Future of Financial Advice (FOFA) proposals will unnecessarily increase red tape while increasing the cost of financial advice, according to Federal Opposition members of the parliamentary joint committee looking at the FOFA bills.

In a dissenting report, the Coalition MPs argue the legislation in its current form is unnecessarily complex and in large parts unclear.

The members also argue the bills will not create a level playing field for advice providers.

The MPs have made two recommendations on life insurance, and not surprisingly they are opposite to the committee majority’s report.

The first recommendation calls for no changes to existing remuneration structures where life insurance is purchased by an individual either inside or outside superannuation.

The members also argue the existing remuneration structures should remain if the policy is purchased through a group life insurance scheme.

In another recommendation, the members want any ban of commissions on life insurance in superannuation to be limited to automatic cover where individuals have not accessed any specific advice.

Shadow Assistant Treasurer Mathias Cormann says Parliament must focus on making things better not just more complex and more costly for everyone. 

“The Parliament must avoid regulatory overreach where more red tape increases costs for both business and consumers for little or no additional consumer protection benefit,” he said.

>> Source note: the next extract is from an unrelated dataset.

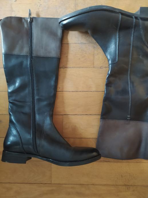 Čizme ženske "Tamaris" br 40 nove. Crna boja s ukrasnim detaljima na gornjoj strani. Gornjište je od kože, unutarnji dio je koža, tabanica guma. Podstavljene krznom. Decentne lagane tople za hladnu jesen/zimu, za grad, šetnju, posao, svaki dan,... Nove nikada nošene.

“Parliament also needs to be mindful that the current FOFA proposals are already causing an increased concentration of advice providers driving an undesirable reduction in competition and choice for consumers.”

Senator Cormann says if the Government accepts the Coalition MPs’ recommendations for improving the FOFA bills, the Coalition will support them in Parliament.

“We will not be supporting the FOFA legislation in its current form,” he said.